▸ **Input material**:
- - - - -

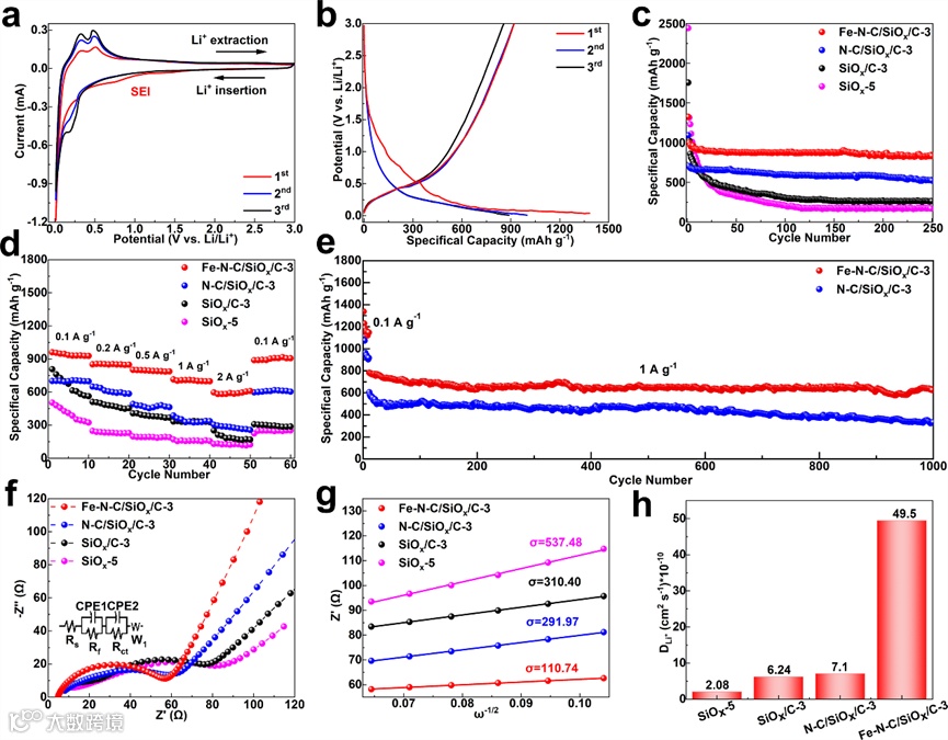 Fe-N-C/SiOx/C-3在0.1 A g-1下循环250圈后,容量为832.6 mAh g-1明显高于其余对比样。在电流密度分别为为0.1、0.2、0.5、1和2 A g-1时,比容量可分别保持在928、850、798、705和606 mAh g-1,当电流密度恢复到0.1 A g-1时,比容量可恢复到908 mAh g-1具有良好的电化学可逆性。在大电流密度1 A g-1下循环1000圈后,容量仍能保持602 mAh g-1,具有良好的电化学稳定性。计算表明,相比于裸硅,Fe-N-C/SiOx/C-3的锂离子扩散系数提高了25倍。
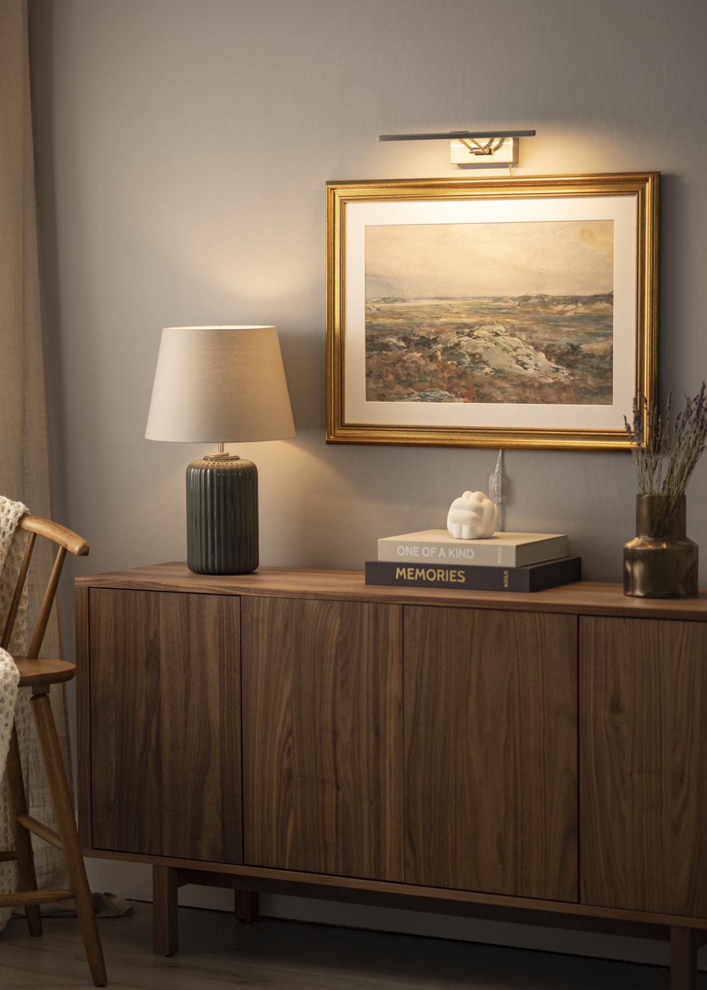 Tauluvalaistus modernia ruotsalaista muotoilua. Sopii tauluille, joiden leveys on 60-100 cm. Valaisimen korkeus on 5 cm ja pituus 37 cm, etäisyyden seinään ollessa 20 cm. Voimakkaalla 720 lumenin led-valaisulla aikaansaat miellyttävän valaistuksen myös suuremmille tauluille.
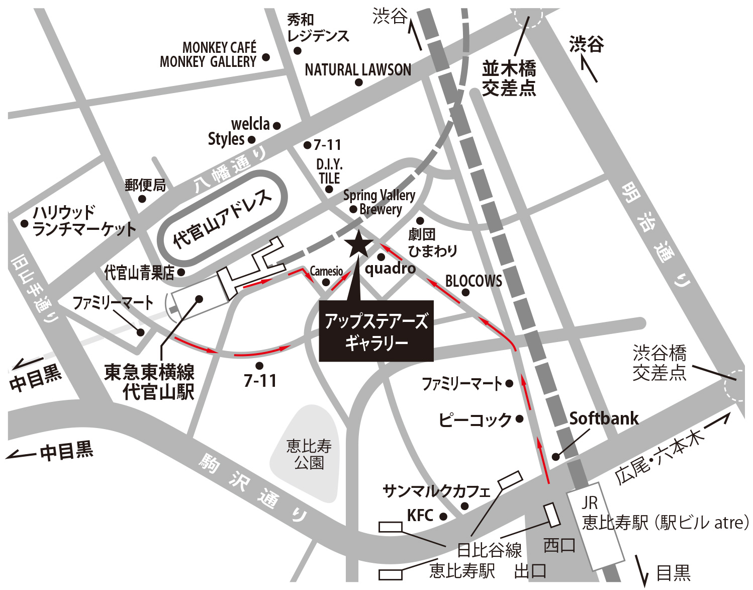 UPSTAIRS GALLERY 〒150-0021 東京都渋谷区恵比寿西2-18-6 SPビル2F ※当ビル1階は、「MR.FRIENDLY Cafe」 という、カフェになっています
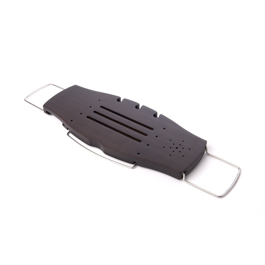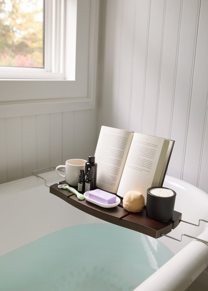 Umbra Aquala Bath CaddyInspired by the technology people use during their leisure time Aquala was redesigned to accommodate the growing needs of our modern customer. The Aquala Bath Caddy is luxury in its simplest form. The new iteration of the caddy keeps your essentials on hand and fits books tablets phones glasses (including stemware) of different sizes. With an added phone holder to keep your phone dry and easily accessible a double hook for your loofah added support to prop up your magazine book or tablet and a new wine glass holder this bathtub caddy will keep all of your bath essentials organized to ensure a tranquil time of relaxation. Dimensions: 28.13″ (71cm)L x 8.63″ (22cm)W x 1.25″ (3cm)H
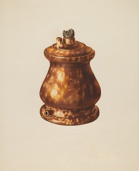 Henry Moran (artist), American, active c. 1935, Anonymous Craftsman (object maker), Philadelphia Museum of Art (object owner), Pennsylvania German Covered Jar, c. 1939, watercolor and gouache on paperboard, Index of American Design, 1943.8.8006
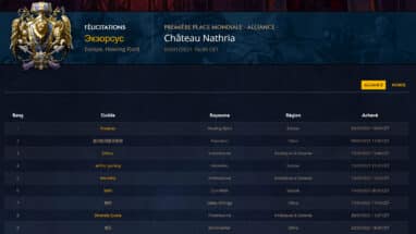 Vous pouvez découvrir le classement des 100 meilleures guildes de chaque faction pour le château Nathria :

- - - - -

Omit the pictures and reproduce the records above exactly.

 Fe-N-C/SiOx/C-3在0.1 A g-1下循环250圈后,容量为832.6 mAh g-1明显高于其余对比样。在电流密度分别为为0.1、0.2、0.5、1和2 A g-1时,比容量可分别保持在928、850、798、705和606 mAh g-1,当电流密度恢复到0.1 A g-1时,比容量可恢复到908 mAh g-1具有良好的电化学可逆性。在大电流密度1 A g-1下循环1000圈后,容量仍能保持602 mAh g-1,具有良好的电化学稳定性。计算表明,相比于裸硅,Fe-N-C/SiOx/C-3的锂离子扩散系数提高了25倍。
 Tauluvalaistus modernia ruotsalaista muotoilua. Sopii tauluille, joiden leveys on 60-100 cm. Valaisimen korkeus on 5 cm ja pituus 37 cm, etäisyyden seinään ollessa 20 cm. Voimakkaalla 720 lumenin led-valaisulla aikaansaat miellyttävän valaistuksen myös suuremmille tauluille.
 UPSTAIRS GALLERY 〒150-0021 東京都渋谷区恵比寿西2-18-6 SPビル2F ※当ビル1階は、「MR.FRIENDLY Cafe」 という、カフェになっています
 Umbra Aquala Bath CaddyInspired by the technology people use during their leisure time Aquala was redesigned to accommodate the growing needs of our modern customer. The Aquala Bath Caddy is luxury in its simplest form. The new iteration of the caddy keeps your essentials on hand and fits books tablets phones glasses (including stemware) of different sizes. With an added phone holder to keep your phone dry and easily accessible a double hook for your loofah added support to prop up your magazine book or tablet and a new wine glass holder this bathtub caddy will keep all of your bath essentials organized to ensure a tranquil time of relaxation. Dimensions: 28.13″ (71cm)L x 8.63″ (22cm)W x 1.25″ (3cm)H
 Henry Moran (artist), American, active c. 1935, Anonymous Craftsman (object maker), Philadelphia Museum of Art (object owner), Pennsylvania German Covered Jar, c. 1939, watercolor and gouache on paperboard, Index of American Design, 1943.8.8006
 Vous pouvez découvrir le classement des 100 meilleures guildes de chaque faction pour le château Nathria :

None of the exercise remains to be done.